Никифоров, подобно чистому роднику, забил из самых глубин народной жизни. Он привнес в свои картинки народное понимание красоты, традиционное, почти фольклорное представление о добре и зле, всю здоровую душу народа, полную веселого оптимизма и озорного юмора.

Думается, что истоки творчества Никифорова не только в нем самом, но и вообще в творческом складе мышления простого трудового человека. Никифоров прежде всего был мастером своего дела, чем бы в жизни ни занимался. Всё это от глубокого уважения к труду, к ремеслу вообще. Да и картинки свои Никифоров создавал, точно мастерил, наслаждаясь прежде всего самим процессом работы. Кстати, Никифоров, будучи уже автором сотен чудесных акварелей, всегда чувствовал себя очень неловко, если кто-то называл его художником. «Какой из меня художник? – искренне удивлялся он. – На художника учиться надо, а я так, самоучка, для себя малюю». Он никак не мог взять в толк, что дело здесь не только в специальном образовании, что всякого настоящего художника можно назвать в какой-то мере самоучкой, то есть человеком, самостоятельно овладевшим только ему одному присущим языком. Никифоров был сам себе школой, в которой и учил и учился, руководствуясь лишь природной смекалкой да извечным художественным чутьем народного мастера: как мера и красота скажут. В этом смысле он очень похож на того классического невежду, который в конце концов и делает открытие, нарушая при этом сложившиеся правила.

В рассказах о жизни художников часто встречается обязательный упор на трудности, превратности их судьбы. И этот акцент большей частью оправдан. Действительно, нередко судьбы художников драматичны, ибо, обладая тонкой душой, эти люди больно ранятся об острые углы жизни. Они хотят сделать мир добрее и проще, но часто встречают непонимание и отчуждение окружающих. Этот разлад между внутренней гармонией и дисгармонией мира вносит смятение и излом в их души. И всё же вряд ли всё это можно отнести к Никифорову как к художнику, хотя внешне судьба его также драматична.

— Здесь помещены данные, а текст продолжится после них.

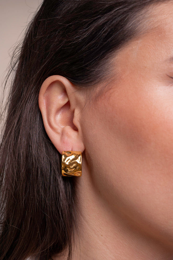 Voor een statement met karakter kies je deze gouden hoops met gehamerde afwerking. Het robuuste, brede ontwerp wordt verzacht door de organisch gevormde textuur die doet denken aan handgemaakt vakmanschap. Deze oorbellen combineren moeiteloos kracht met elegantie – perfect voor wie houdt van opvallende sieraden met een artisanale feel.

Вряд ли потому, что как жизнь ни мяла, ни ломала его, даже в буквальном смысле, самым жестоким образом, ничто не могло разрушить заложенной в нем редкой внутренней гармонии, гармонии человека, до седин смотревшего на мир добрыми, широко распахнутыми глазами ребенка. В этом смысле Никифоров был человеком счастливым.

Иван Михайлович родился в 1897 году в деревне Монаково около уездного города Вереи в бедной крестьянской семье. Едва окончив два класса церковно-приходской школы, был отдан в Москву в люди, или в мальчики, как тогда говорили. Попал в учение к кондитеру.

Работа была тяжелая. Мальчиков поднимали чуть свет, они носили дрова, воду и т.п., а потом допоздна обкатывали горячие карамельные заготовки, отчего руки постоянно были в волдырях.

Позже Никифоров перешел к шорнику. Мастерил хомуты, кошельки, дамские сумочки. Здесь-то, в нехитрых кустарных поделках, может, впервые и проснулась в Никифорове любовь к труду творческому, потому что любая, даже самая скромная поделка предполагает какую-то долю фантазии автора.

В 1914 году Никифорова призвали в солдаты. Познал все тяготы окопной жизни, близко увидел смерть. В гражданскую воевал за Советскую власть на Украине. После войны многие годы мытарился между городом и деревней в поисках лучшей доли. Занимался разными кустарными ремеслами, работал в колхозе. Даже председателем выбрали как умевшего писать. А в тридцатых годах ушел грузить поезда на подмосковную станцию Пушкино.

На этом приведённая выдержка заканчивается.